The Baffling New Trend in Movie Poster Design
The marketing departments at movie studios are in the business of boiling the success and failure of movies down to simple formulas. Based on the posters from the first half of this year, the formula they seem to have settled on is "Movie Posters MINUS Face EQUALS Money."
While the Lincoln poster is admittedly badass, it appears that Abraham Lincoln is actively hiding his face from us for no apparent reason. If he wanted to hide his identity, he probably would have chosen something besides a Lincoln stovepipe hat to hide behind. The entire premise of Haywire is "beautiful woman realistically beats the shit out of people," and its poster opts to hide her face and instead go for more of a Slash from Guns N' Roses look. We're not sure what Now You See Me is about, but it seems content letting us assume it's a caper set in an early iPod advertisement.
Now there's a logic at work here that, like all bad ideas, makes sense in certain contexts. For instance, some blockbusters opt to show a simple logo instead of actors.
Nolan's gritty Batman movies, Spider-Man and the Hunger Games books all have bigger fan bases than any individual actor in those movies, so it makes sense that they'd use their logo.
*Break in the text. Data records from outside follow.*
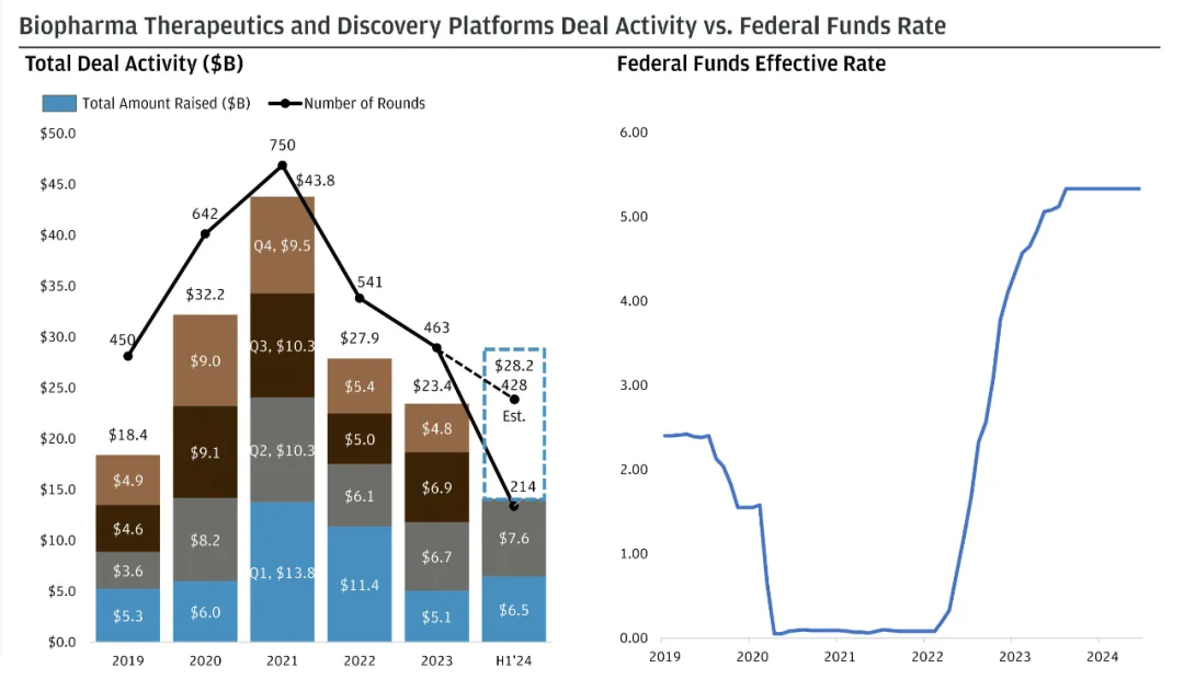 2024年第二季度,美国生物制药行业有107起融资事件,融资总额达76亿美元。前两个季度,对生物制药(biopharma therapeutics)和平台型公司的投资总额均环比增长。摩根大通预测,今年9月降息后,生物制药交易和融资活动会在下半年有所增长,预计全年将达到282亿美元,有望打破两年来的下降趋势。
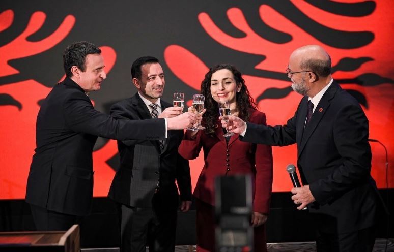 Kryetari i Kuvendit të Kosovës, Dimal Basha, së bashku me presidenten Vjosa Osmani dhe kryeministrin në detyrë, Albin Kurti, mori…
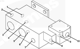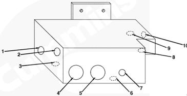 1右排燃油歧管(零件號 3094774),2自左排燃油連接塊流入的燃油(抽吸未經(jīng)過濾的燃油),3至左排燃油連接塊的回油,4自右排噴油器回油管和噴油泵溢流管/EHAB(兩條管路)的回油,5流至 EHAB 的燃油(抽吸未經(jīng)過濾的燃油),6自左排燃油歧管流入的燃油(經(jīng)過濾的增壓燃油),7流至左排燃油歧管的燃油(未經(jīng)過濾的增壓燃油),8自輸油泵流入的燃油(未經(jīng)過濾的增壓燃油),10流至 EHAB/噴油泵進口的燃油(經(jīng)過濾的增壓燃油),
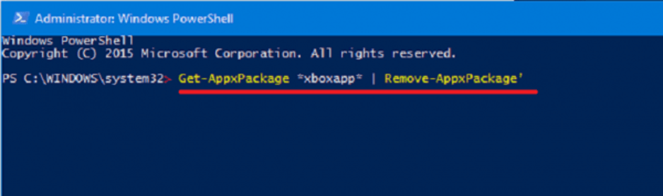 - Ввести команду: «Get-AppxPackage *xboxapp* | Remove-AppxPackage». Нажать клавишу ввода.
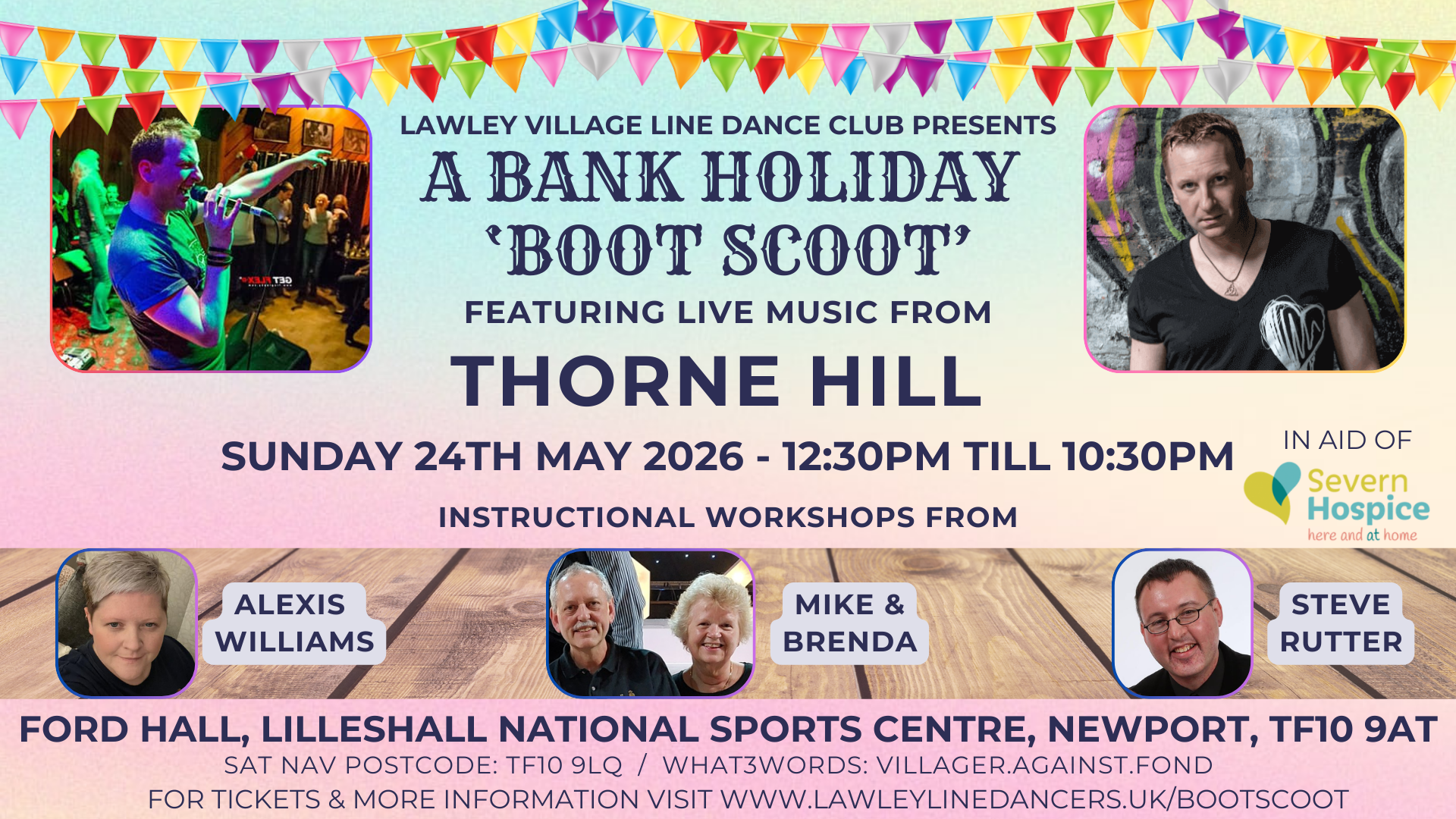 Join us for our Bank Holiday Boot Scoot on Sunday 24th May 2026 featuring Live Music from the amazing Thorne Hill with instructional workshops throughout the day from Alexis Williams, Steve Rutter and Mike & Brenda. Tickets on Sale Now.

Other times, blockbusters are willing to acknowledge that they do, in fact, contain characters by opting for the "show the character from behind, thus leaving open the possibility that it's your favorite actor" design:
This can also be useful if you have something to hide; for instance, that your comedy is only produced by the guy who directed The Hangover, and doesn't have any of the recognizable stars from The Hangover in it. Is that Bradley Cooper passed out face down in the grass? The makers of Project X aren't telling ...
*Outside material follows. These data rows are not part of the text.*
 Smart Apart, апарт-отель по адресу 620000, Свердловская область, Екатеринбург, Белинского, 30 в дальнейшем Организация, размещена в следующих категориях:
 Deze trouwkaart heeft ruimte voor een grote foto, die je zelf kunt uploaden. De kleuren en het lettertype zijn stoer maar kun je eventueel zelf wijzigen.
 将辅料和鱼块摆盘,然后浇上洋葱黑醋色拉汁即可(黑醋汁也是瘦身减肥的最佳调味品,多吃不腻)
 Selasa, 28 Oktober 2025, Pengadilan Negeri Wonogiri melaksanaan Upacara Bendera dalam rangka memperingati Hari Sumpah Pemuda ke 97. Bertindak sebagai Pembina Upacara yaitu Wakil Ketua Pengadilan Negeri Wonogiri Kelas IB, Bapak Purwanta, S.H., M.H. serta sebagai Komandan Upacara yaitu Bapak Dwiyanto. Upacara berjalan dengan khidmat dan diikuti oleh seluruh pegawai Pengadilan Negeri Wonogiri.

But often times, perfectly good movies are being hurt by the assholes in marketing's new, pointless rule. For instance, you probably didn't go see Wanderlust when it came out earlier this year, even though it's made by one of the best comedic directors working and stars the hilarious Paul Rudd. Of course, you wouldn't have known who was in it based on the poster, which could just as easily have been an ad for allergy medication.
Wanderlust had what used to be considered money in the bank: two likeable stars we wouldn't mind watching fuck each other. And it went out of its way to hide that fact from us on the movie poster.
There is, of course, a perfectly stupid misunderstanding behind all of this: Hollywood has noticed that movie stars -- people audiences will turn out to see regardless of what the movie is about -- are an endangered species. In the early '90s, they had Schwarzenegger and Stallone for action movies, Tom Hanks and Tom Cruise for comedies and dramas and at least a dozen other bankable go-to stars. These days, the only actors with reliable box office track records are early '90s rap novelty acts, and they've only taught two of those how to act.
Don't think they haven't tried to make Vanilla Ice take lessons.
The supposedly bankable movie stars who aren't Will Smith and Mark Wahlberg spent the past few years proving that we won't go see them in any old piece of shit.
Our message to Hollywood was loud and unmistakable: We will no longer go to see a crappy movie just because it has two famous people riding a motorcycle together. But when marketing departments are trying to reverse-engineer successes and failures, the one thing they're not allowed to take into account is quality. Those three movies from back when movie posters had faces in them were all aggressively unoriginal pieces of shit, but studios are not in the business of accepting responsibility for crappy movies. Again, it's in their best interest to pretend that they can avoid future failures by turning past failures into formulas, and "Faces on the Poster EQUALS Cinematic Shit Stain" seems to be where they've landed on this one.
Now that The Avengers has broken every record at the box office with a poster that lets you in on who's actually in the movie, we might start seeing more faces in movie theater lobbies. But it will always be fun to look back and remember the first half of 2012, when Hollywood was so afraid to show faces on movie posters that they made a character-driven movie expressly designed to appeal to fans of the actors involved, and then tried to sell it with a poster that uses a nuclear-blast-level lens flare to make sure you couldn't see who they were.